È in Sicilia la struttura con i migliori esiti delle tre regioni sotto la lente: al Barone Romeo di Patti è il tasso di mortalità è dell’1,5%. Seguono, ma in fascia grigia, l’Ospedale R. Guizzardi di Vittoria (2,1%) e il S. Giacomo d’Altopasso a Licata (2,5%). Con dati statisticamente certi troviamo poi l’Ao Universitaria E. Ferrarotto di Catania (3,5%) e l’Ao S. Elia di Caltanissetta (4,3%). Guida il gruppo delle strutture con gli esiti più sfavorevoli l’Ao S. Antonio Abate di Erice (16,8%), tallonata dall’Ospedale Papardo di Messina (16,6%) e dall’Ao Vittorio Emanuele di Gela (16,4%). Chiudono l’Ospedale Civile Barone Lombardo di Canicattì (13,2%) e l’Ao Umberto I di Siracusa (12,7%).
 
Il miglior esito certo della Sardegna lo conquista l’Ao G. Brotzu di Cagliari (6%) preceduta dall’Ao Policlinico Monserrato sempre di Cagliari, ma in fascia grigia (5,1%).
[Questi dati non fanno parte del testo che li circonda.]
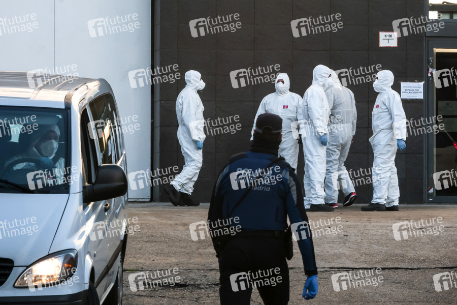 Tag 9 nachdem die spanische Regierung den Ausnahmezustand wegen des Coronavirus COVID-19 erklärt hat. Die Bevölkerung steht 15 Tage zu Hause unter Quarantäne. Die spanische Polizei und Armee überprüfen Menschen, die durch die Straßen gehen. Erlaubt sind Gänge in Krankenhaus, in Supermärkte, Kioske und Apotheken, sowie das Ausführen von Haustieren und der Weg zur Arbeit. Der Palacio de Hielo wird wegen Überlastungen der Bestattungsunternehmen als Leichenhalle eingerichtet. Madrid, 23.03.2020

Con tassi di mortalità non molto lontani troviamo poi tre Presidi Ospedalieri: il S. Giovanni di Dio di Olbia (6%), il N.S. della Mercede a Lanusei (6,4%) e il Dettori di Tempio Pausania (6,5%). Ma alla Sardegna va il primato negativo della struttura con il peggior esito, statisticamente certo: al Nostra Signora di Bonaria a S. Gavino Monreale il tasso di mortalità arriva al 25,8%.
Seguono in fascia grigia: l’Ospedale Civile di Sassari (17,4%), il S. Francesco di Nuoro 12% e il S. Martino di Oristano (11,9%). Chiude il gruppo, ma con una percentuale inferiore alla media italiana il Presidio Ospedaliero Sirai di Carbonia (8,7%).